Highlight #1: Many friends from California came out and brought a little bit of home to Shanghai. The big one was Monica doing a summer law program in Hong Kong for two months. I went to Hong Kong twice, met with her in Beijing for a weekend, and then was blessed with her visit to Shanghai at the end of July. I basically tried to get as much of my Monica fix taken care of as possible. Let’s just say that it sucks when the Rolling Stones’ “You Can’t Always Get What You Want” comes up on my iPod.

Cheryl also came out on a whirlwind tour of Hong Kong, China, and Mongolia. Being the experienced globetrotter that she is, she meticulously mapped out her entire convoluted itinerary so that everywhere she went, she’d be able to do the touristy thing with good friends who also had yet to do those touristy things. One of my HK trips was made because both Cheryl and Monica were in town, and though I had been to Hong Kong many times before, I found myself at places I didn’t even know existed (wait, you mean there’s a BEACH in this two-bit hick town?!). Beijing was nice, what with the sprightly duo of Ting Ni and Cheryl Scott bounding up the steps at the Great Wall, while Monica (bless her heart) and I sat towards the bottom, consoling the maturing beer belly that is mine. I have to credit Cheryl for being one of the only people on this planet that can pull me away from a crappy martial arts movie on HBO to take three different subway trains + a cab to get to a place where I have to pay money to enter. That’s exactly what she did on my first day in Beijing, where we met up at the Summer Palace. I forgot to add in the part about having to actually find her once I got to the Summer Palace, being that Cheryl looks exactly like every other Chinese person in the proximity.

With both Monica and Cheryl in China, I couldn’t ask for much more, but I got it with multiple visits from Jack Cheng and my brother Andrew.
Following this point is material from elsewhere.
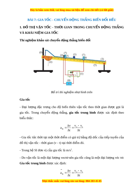 Đây là bản xem th , vu ử i lòng mua tài li u ệ đ xe ể m chi ti t ế (có l i ờ gi i ả ) BÀI 7: GIA T C Ố - CHUY N Ể Đ N Ộ G TH N Ẳ G BI N Ế Đ I Ổ Đ U Ề 1. ĐỒ THỊ V N Ậ T C Ố - TH I Ờ GIAN TRONG CHUY N Ể Đ N Ộ G TH N Ẳ G VÀ KHÁI NI M Ệ GIA T C Ố Thí nghi m ệ kh o s ả át chuy n đ ể ng ộ th ng b ẳ i n đ ế i ổ Bố trí thí nghi m ệ nh hì ư nh trên Gia t c ố - Đ i ạ lư ng ợ đ c ặ tr ng ư cho độ bi n ế thiên v n ậ t c ố theo th i ờ gian đư c ợ g i ọ là gia tốc. Trong chuy n ể đ ng ộ th ng, ẳ gia t c ố trung bình đư c ợ xác đ nh ị theo bi u t ể h c: ứ v v v 2 1 atb t t - Gia t c ố t c ứ th i ờ t i ạ m t ộ th i ờ đi m ể có giá tr ịb ng ằ đ d ộ c ố c a ủ ti p ế tuy n ế c a ủ đồ thị v n ậ tốc - th i ờ gian (v - t) t i ạ th i ờ đi m ể đó. - Trong hệ SI đ n ơ v c ị a ủ gia t c ố là m/s2. - Do v n ậ t c ố là m t ộ đ i ạ lư ng ợ vect nên ơ gia t c ố cũng là m t ộ đ i ạ lư ng ợ véc t . ơ Gia t c t

This called for some serious celebrating, and what better outlet than buying bootleg DVDs? All in all, quality time spent with quality friends and family, and that itself makes it on the top of the Eric Shanghai Summer Highlight List.

Hightlight #2: I’m a summer birthday boy, and given so much activity with friends and family and all, I had one of those elongated birthday weeks that people who have inflated egos try to build on each additional year. Since I was pretty new at my company, I thought a great ice breaker would be to invite all my new co-workers to go singing, which apparently is what the Chinese youth species enjoy doing when they’re not eating and working. This was when the awful truth came out: they don’t drink! I was forced to gulp down as many brews as I could with my boss, Jeff, who thankfully is from California and partied at Chico State. Little did I realize at the time that when I lost to him in a chugging contest, that it would be a foreshadowing of me losing much more later that night.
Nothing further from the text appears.